Bank of Tanzania: Cashew exports stand at 40pc

Minister for Agriculture Japhet Hasunga speaks during the opening of the three-day 13th Conference of African Cashew Alliance, which got under way in Dar es Salaam yesterday. PHOTO | SALIM SHAO

Dar es Salaam. Tanzania has so far exported a relatively paltry 90,000 tonnes of cashew nuts stock for the 2018/19 season, a Bank of Tanzania (BoT) report shows.
The quantity is about 40 per cent  of the 225,000 tonnes of cashew nuts harvested during the previous season. The amount of earnings, however, has not been disclosed.
But, the acting director general, of the Cashewnut Board of Tanzania (CBT), Mr Francis Alfred, played down the central bank’s export figure, stressing they have exported more than what the bank reports.
“Until today, we had exported a total of 114,626 tonnes of the crop,” he told The Citizen on the sidelines of the 13th Africa Cashew Stakeholder Forum held in Dar es Salaam yesterday. This would mean that a total of 24,626 tonnes were exported in October.
However, The Citizen’s revisit  of BoT’s monthly economic reviews from March to September this year did not find any data showing the crop’s exports.
The low cashew exports also lowered the country’s traditional exports earnings. The report shows that they declined to $563.5 million during the year that ended on September 30 this year, down from $1,160.8 million in the corresponding period in 2018. “Cashew nuts exports decreased owing to a fall in prices in the world market and export volumes due to delays in exporting after the government’s intervention to safeguard farmers’ earnings,” the October review stated.
In the 2017/18 season, Tanzania earned $575 million (Sh1.3 trillion) from cashew nut exports: equivalent to the value of all cash crop exports including tea, coffee, tobacco and cotton.
On September 21, Agriculture minister Japhet Hasunga told Reuters that the government had eventually sold the 2018/2019 produce to a Vietnamese firm, but would allow private traders to resume buying in the 2019/20 season.

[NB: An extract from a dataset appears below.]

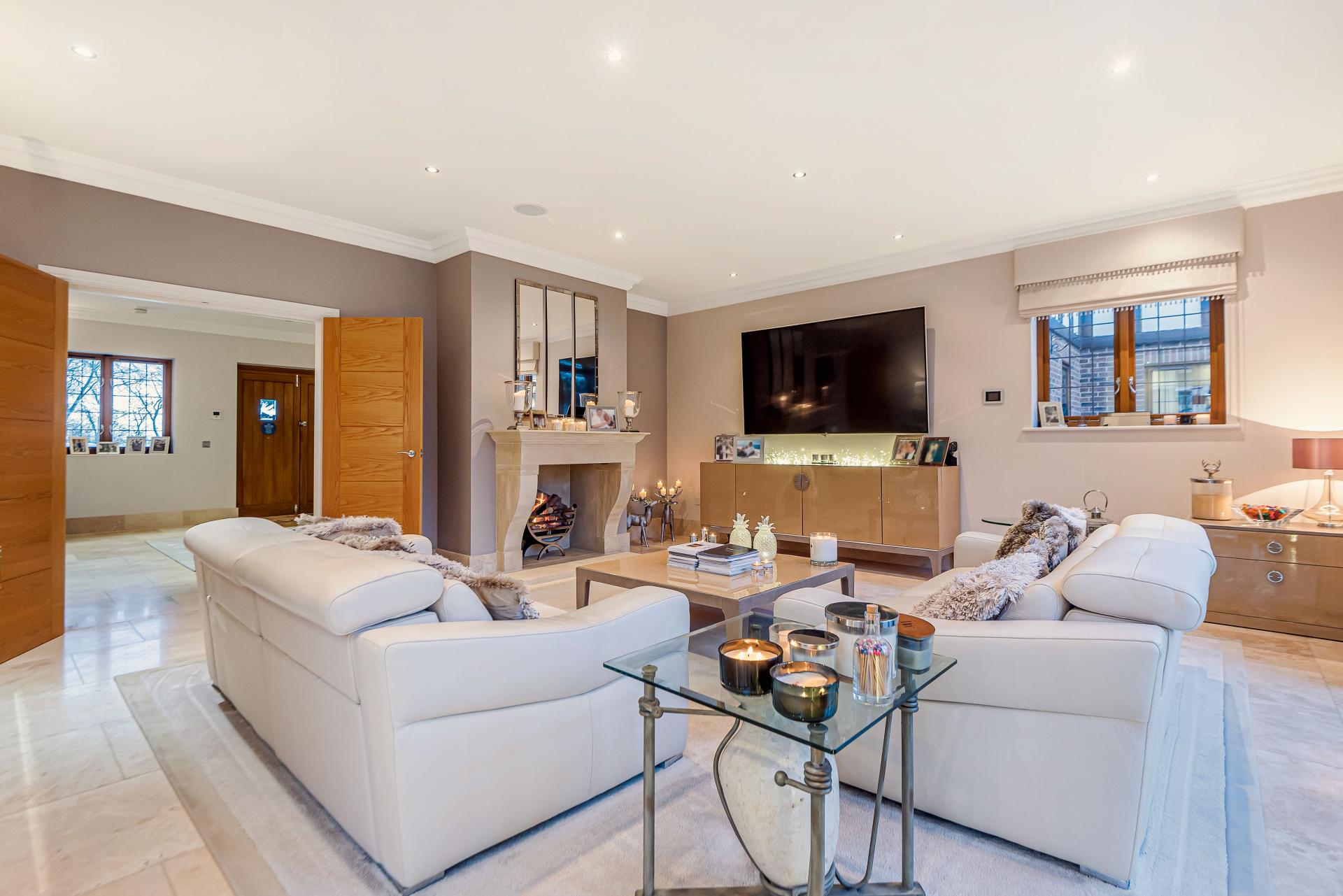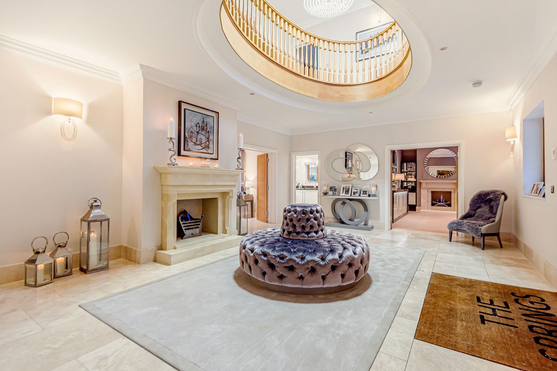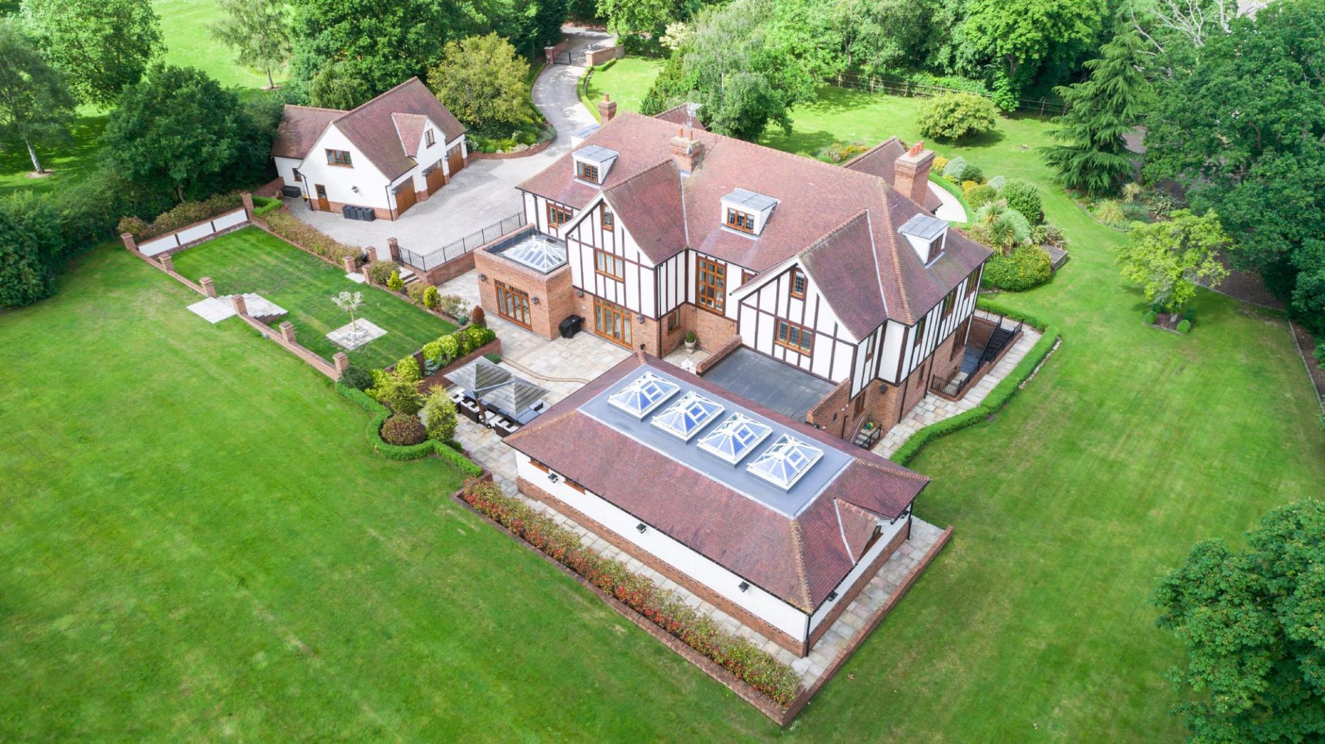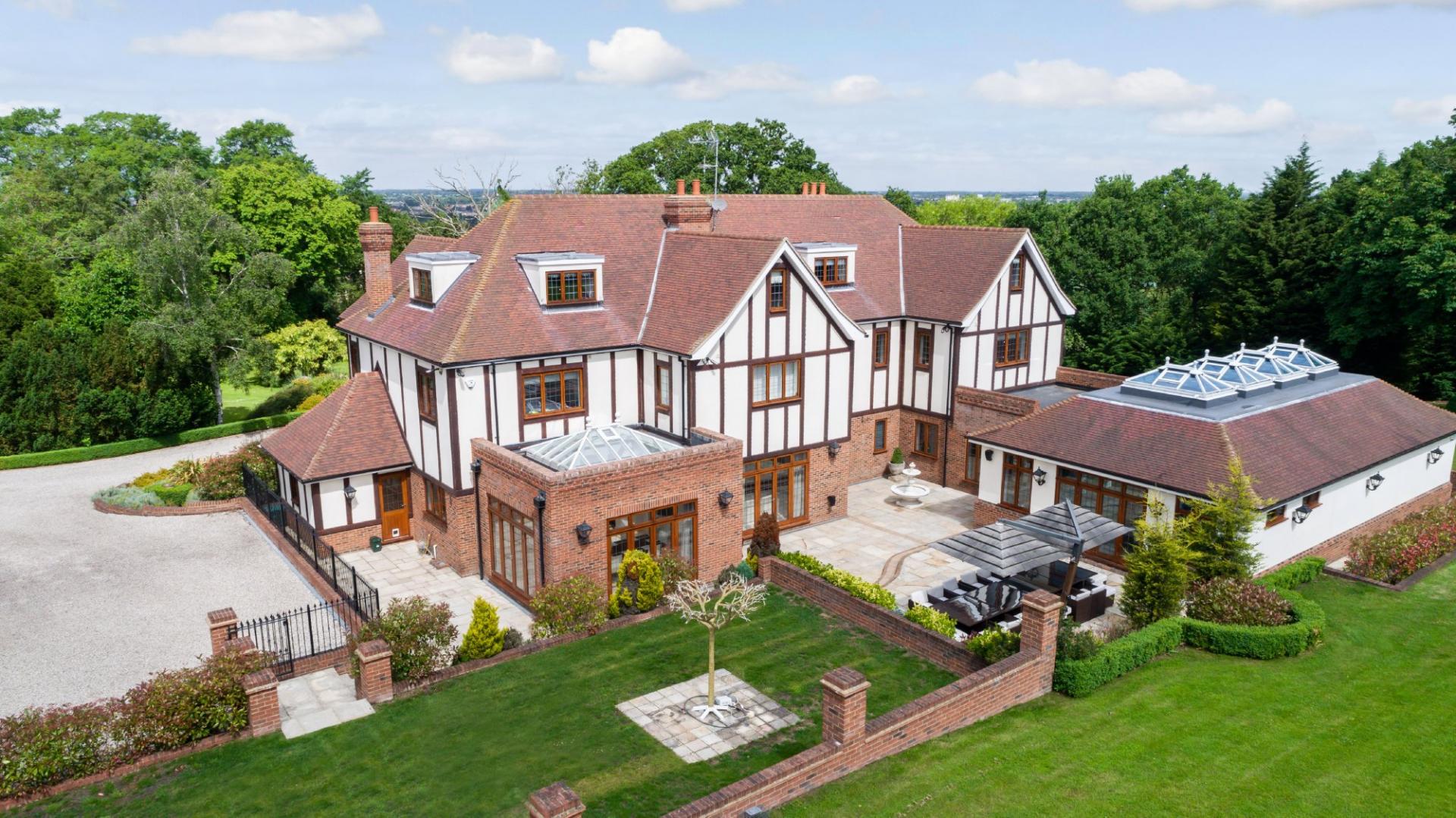THE PROPERTY Bought off plan by the current owners, we are delighted to offer for sale this beautiful house offering space in excess of 11000 square feet. This iconic brick built family home has timber framed rendered panel outer layer which give it a classic Elizabethan look and is ideal for those looking for a little more than your standard home comforts. From the grand entrance, stunning living rooms and seven ensuite bedrooms to your cinema room, snooker room and indoor swimming complex, everything has been designed and finished to an exacting standard including bespoke open plan fitted kitchen with stylish centre island and the ornate carved fireplaces.

Auctions of cashew nuts harvested during this season started in different regions of Tanzania Mainland last week, although  the sold quantities have yet to be revealed.
Meanwhile, Mr Hasunga outlined five strategies, which would be implemented to boot the crop’s output in the next four years. The government is looking forward to increasing  cashews production to one million tonnes by 2023.
To achieve the goal, they will digitalize  cashew  purchases, improve production conditions and increase local processing capacity to 90 per cent of all harvests from currently 20 per cent. Tanzania produces some 250,000 tonnes per season.
“From next year, we will sell raw cashews through the commodity market to enable buyers to buy without physically being present in Tanzania,” he said.
Other measures include adoption of contract farming, as well as plantation farming.
The acting director general of Naliendele Agriculture Research Institute, Dr Fortunatus Kapinga, said the institute has the capacity to produce the required cashew seedlings for boosting production.